От барж с «белой», судя по запаху, нефтью шел острый звериный аромат.

— Левиафан! — воскликнул восхищенный Пешков. — Вот силища!.. А ты не веришь в прогресс…

— Почему не верю? Верю. Видишь эти ящики по бортам на палубе барж?

— Ну-с… вижу, и в них цветут подсолнухи.

— Значит, в ящиках земля. Это «верхний балласт», чтобы уровень нефти, налитой в баржу, был ниже уровня воды в Волге. Давление воды не дает нефти вытекать из щелей. И река не грязнится, и нефть не теряется.

— Остроумно. Почти гениально.

— А главное — просто. И выдумал какой-то водолив, простой мужик, а не инженер…

Над волнами, как днем, носились с криками чайки, то и дело припадая к воде; из волн там и тут все чаще выскакивали рыбешки, на мгновение блистая синим серебром.

Порой из желтой кипени волжских волн дельфиньими горбами всплывали сомы или белуги. И тогда над водой букетом синих бенгальских огней вспыхивали, выпрыгнув на свет, десятки сельдей-бешенок. Чайки стаями слетались к этим местам, и казалось, что когда они, припав к воде, взлетали с добычей, рыбы превращались в птиц и улетали. Волга кишела рыбой.

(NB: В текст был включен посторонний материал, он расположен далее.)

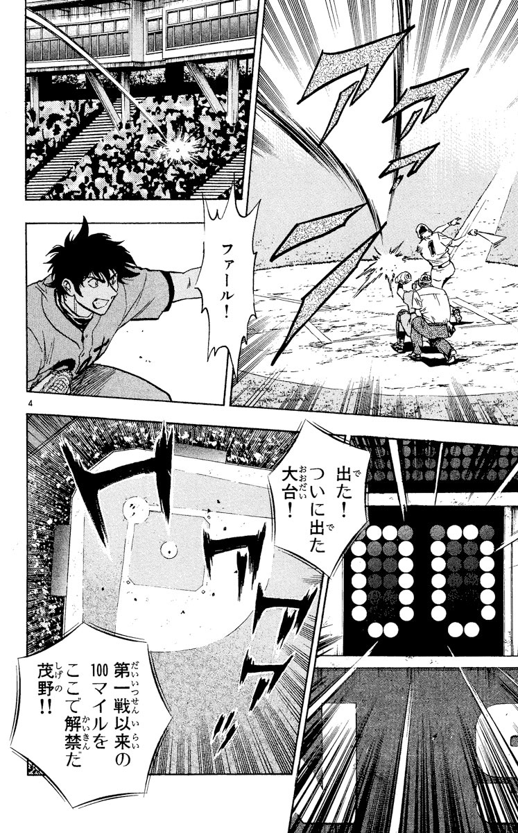 ▼第1話/マキシマム▼第2話/誓い▼第3話/ふたたび▼第4話/好敵手(ライバル)達の時間▼第5話/突然のチャンス▼第6話/なんもわかってない▼第7話/二人の温度差▼第8話/10年目の告白▼第9話/バッティングピッチャー▼第10話/すれ違い●主な登場人物/茂野吾郎(豪速球を武器とする生粋のピッチャー。高校卒業後、アメリカに渡りメジャーを目指す)●あらすじ/3Aチャンピオンをかけた、ファルコンズとのプレーオフ最終戦。10回裏2死、走者2・3塁の場面で、ギブソンJr.の打順を迎えたバッツ・吾郎は、5球目で初戦以来の100マイルを投げ込む! 「窮地にこそマキシマムな能力を発動する」吾郎の実力を認めたギブソンJr.も、これを二球連続ファールで凌ぐ意地を見せ、運命の勝負は第7球目へ…!!(第1話)●本巻の特徴/渡米1年目の闘いを終え、帰国した吾郎に突如もたらされた「野球W杯」開催のニュース! 世界16か国の代表チームが“真の世界一”を懸けて争う夢の大会に、吾郎も日本代表メンバー入りを目指して動き出す! 一方、幼なじみ・薫との関係にもついに進展が…!?●その他の登場人物/サンダース(3Aバッツの捕手。強面リーダー)、ギブソンJr.(ジョー・ギブソンの息子。黄金ルーキーといわれる強打者でメジャー昇格を果たす)、ジョー・ギブソン(41歳で300勝を達成した現役メジャー投手。かつて日本球界に在籍中、吾郎の父・本田茂治を投球事故死させる)、清水薫(ソフトボール部に所属する女子大生。吾郎の幼なじみ)、茂野英毅(吾郎の父親。マリンスターズの投手だった元プロ選手)、茂田桃子(両親を亡くした吾郎を実の子として育てている) 、佐藤寿也(東京シャイアンズの新人捕手。吾郎の初めての野球友達で、かつては吾郎とバッテリーを組んでいた)

К рассвету порхающий сине-зеленый свет молний начал утихать, растворяясь в спокойном свете утра. Затих и ветер. Волнение на реке быстро улеглось. Перед самым восходом солнца мы увидели явление не менее чудесное, чем зеленый луч, в поисках которого Жюль Верн заставил своих героев совершить далекое путешествие. Всем знакомы эти синие утра, когда после ночи, проведенной без сна при искусственном свете, выйдешь на рассвете из комнаты и ошеломленный остановишься на пороге, впивая морозный воздух. Не веришь глазам: все залито великолепной синевой. Особенно эффектны бывают в эти краткие минуты синие снега. Чудесно! Ну, конечно, я знаю, что тут нет никакого чуда и все очень просто объясняется устройством нашего глаза, физиологией зрения и так далее. Но видеть мир хотя бы на мгновение преображенным и подышать хоть несколько минут упоительным воздухом после ночной духоты — какое счастье! Вот и тут мы оба собственными глазами после воробьиной ночи, пред самым восходом солнца видели мир волшебно преображенным. На краткое мгновение все, что мы видели, оказалось залитым огненно-красным светом. Волга, пески за ней, каменные обрывы Жигулей пламенели всеми оттенками живого огня. А гривы лугового берега, зелень кустов и сосны на горах стали угольно-черными.

— Прекрасно! — воскликнул Пешков. — В буквальном смысле прекрасно, — прибавил он.

— А какова чернота! Ты видел?..

— То же, что и ты… Гм, признаюсь, я до сего дня думал, что черный цвет изобретен человеком. Оказывается, черный цвет в природе вещей…

— Не цвет, а полное отсутствие цвета.

Брызнуло белым огнем солнце — и чудесное видение пропало.

Оба мы порядочно устали.

— Надо остановиться. Оброни парус.

Я отдал подъемный шкот. Парус упал, накрыв ребят.